FarragoUdxResultTypeDerivation
From Eigenpedia
This page documents proposed extensions to FarragoUdx to allow the result type of a UDX invocation to be derived dynamically based on its parameters, and to give the optimizer information about allowable rewrites. The approach is declarative, so that no code needs to be written to achieve most common patterns. We'll go through some examples to illustrate the requirements.
A basic requirement is the ability to propagate the type of an entire input row, possibly inserting additional fixed columns before or after. Here's an example of appending a 128-byte digest to each row:
create function append_digest(c cursor) returns table(c.*, digest binary(128)) ...; -- produces result (deptno, name, digest) select * from table(append_digest(cursor(select deptno, name from sales.depts))));
NOTE jvs 27-Jan-2007: The functionality above is already working.
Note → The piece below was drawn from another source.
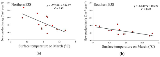 Relationships between the annual new production and Sea Surface Temperature (SST) in March in the northern (a) and southern (b) East/Japan Sea (EJS).

A more advanced requirement is the ability to identify column subsets from the input and treat them differently. Suppose that we want to preserve a subset of the input columns, but collapse the rest into a single string:
create function collapse(c cursor, r select from c) returns table(r.*, etc varchar(1024)) ...; -- produces result (empno, name, etc) select * from table(collapse(cursor(select * from sales.emps), row(empno, name)));
Here the "r select from c" parameter definition indicates that a row of column names will be specified for each invocation, and these column names must be a subset of the names present in the referenced cursor. In the invocation, the row operator is used to bracket the list of column names. The invoked Java method must have a corresponding parameter of type List<String> which receives the column names.
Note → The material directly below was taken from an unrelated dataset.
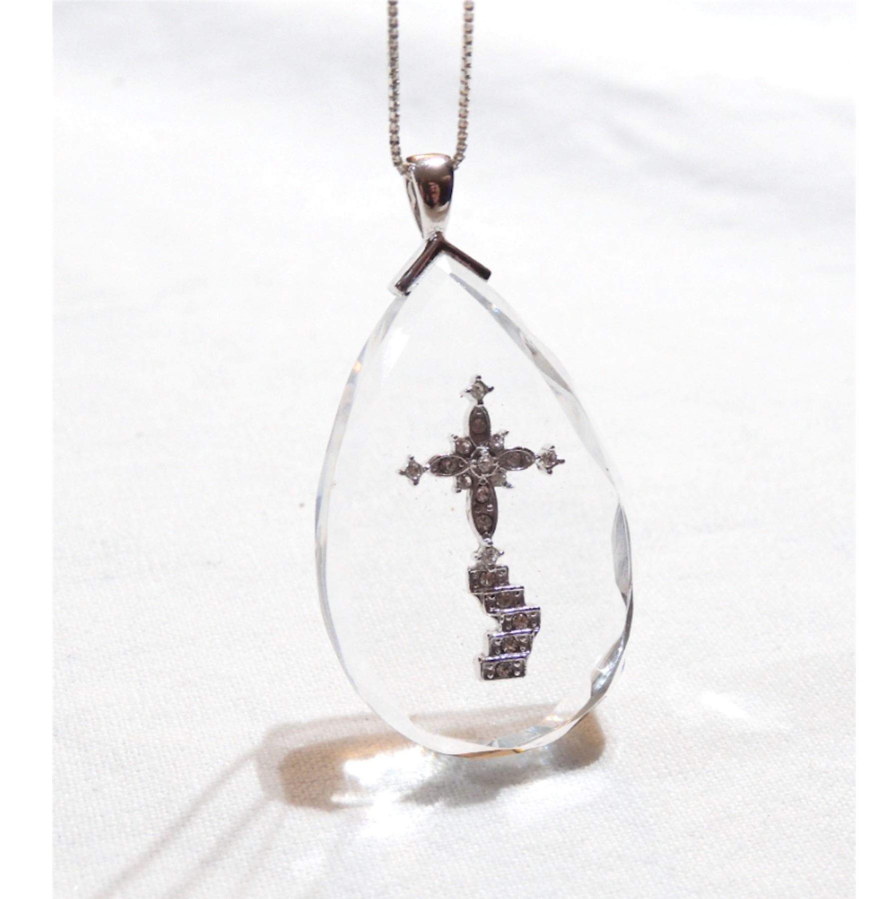 Lady's Sterling Silver Cross Pendant with Stone Accents on 18" Chain.

NOTE jvs 27-Jan-2007: The ability to declare a column-list parameter and receive the list of column names at invocation time is already working.
NOTE zfong 29-Dec-2008: The ability to propagate only that column list to the output also works. The rest of this page is not yet implemented.
Sometimes row construction needs to be done in a subtractive fashion rather than additively. A UDX may implement a custom join operator, and the author of the UDX wants to discard the redundant join keys from one side:
create function snazzy_join(c1 cursor, c2 cursor, k1 select from c1, k2 select from c2)
returns table (c1.*, c2.* excluding k2.*)
...;
-- produces result (deptno,dname,ename)
select * from table(snazzy_join(
cursor(select deptno,name as dname from depts),
cursor(select deptno,name as ename from emps),
row(deptno),
row(deptno)));
The validator would require that after the full row type has been constructed, all result column names must be unique. This may require aliasing on the cursor input queries.
A related enhancement would be a way to constrain datatypes on the columns referenced in column lists. Currently, UDX's can do this programatically, but it only happens at runtime, whereas something metadata-driven and prepare-time would be preferable in many cases.
That's it for dynamic type derivation. Now, how about syntax for letting the optimizer know about potential rewrites?
In the append_digest example above, we'd like to be able to tell the optimizer that filters can be pushed down:
create function append_digest(c cursor) returns table(c.*, digest binary(128)) restrict input with filter(c.*) ...; -- as a result, optimizer knows that select * from table(append_digest(cursor(select * from sales.depts))) where deptno=10; -- is equivalent to select * from table(append_digest(cursor(select * from sales.depts where deptno=10)));
But maybe snazzy_join does not allow for filter pushdown on join keys (while anything else is OK):
create function snazzy_join(c1 cursor, c2 cursor, k1 select from c1, k2 select from c2) returns table (c1.*, c2.* excluding k2.*) restrict input with filter(c1.* excluding k1.*, c2.* excluding k2.*) ...;
Similarly, we can tell the optimizer how to handle projection:
create function collapse(c cursor, r select from c) returns table(r.*, etc varchar(1024)) restrict input with select(r.*) ...; -- as a result, optimizer knows that select empno, etc from table(collapse(cursor(select * from sales.emps), row(empno, name))); -- is equivalent to select empno, etc from table(collapse(cursor(select empno from sales.emps), row(empno))); -- but that select deptno, etc from table(collapse(cursor(select * from sales.emps), row(empno, name))); -- is NOT equivalent to select deptno, etc from table(collapse(cursor(select deptno from sales.emps), row())); -- (because etc is derived from the other columns)
We might want to come up with a way to express the fact that if etc is projected away, then all of the underlying columns can be projected; a similar construct would also be useful for tracing column-level dataflow dependencies through columns fabricated by the UDX.